Patient Harm Found Common, Unchanged in Hospitals

Rate during six-year period in North Carolina didn't drop substantially

WEDNESDAY, Nov. 24 (HealthDay News) -- Harm to patients in several North Carolina hospitals was common in a recent six-year period, and it did not appear to decrease substantially during this time, according to research published in the Nov. 25 issue of the New England Journal of Medicine.

Christopher P. Landrigan, M.D., of Brigham and Women's Hospital in Boston, and colleagues analyzed data from 10 North Carolina hospitals. They reviewed suspected harms involving 100 admissions per quarter in 2002 through 2007.
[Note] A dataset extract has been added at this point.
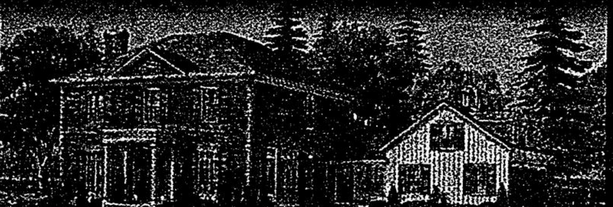
The Summerhill, 3,050 sq. ft. for $829,000

CLASSICALLY STYLED GEORGIAN BUNGALOW, FEATURING 4 LARGE BEDROOMS, A GORGEOUS GREAT ROOM AND LIBRARY LIT BY AN EBONY WOODBURNING FIREPLACE, GOURMET KITCHEN, WALK-OUT LOWER LEVEL AND A WHOLE HOST OF SOPHISTICATED ARCHITECTURAL TOUCHES.

Internal reviewers in the hospitals noted 588 harms in 2,341 admissions (25.1 harms per 100 admissions). Of these, 63.1 percent were rated as preventable. Neither the overall rate of harms per 1,000 patient-days nor the rate of preventable harms as assessed by internal or external reviewers changed significantly.

"Since North Carolina has been a leader in efforts to improve safety, a lack of improvement in this state suggests that further improvement is also needed at the national level. Although the absence of large-scale improvement is a cause for concern, it is not evidence that current efforts to improve safety are futile. On the contrary, data have shown that focused efforts to reduce discrete harms, such as nosocomial infections and surgical complications, can significantly improve safety," the authors conclude.

The study was supported by the Rx Foundation.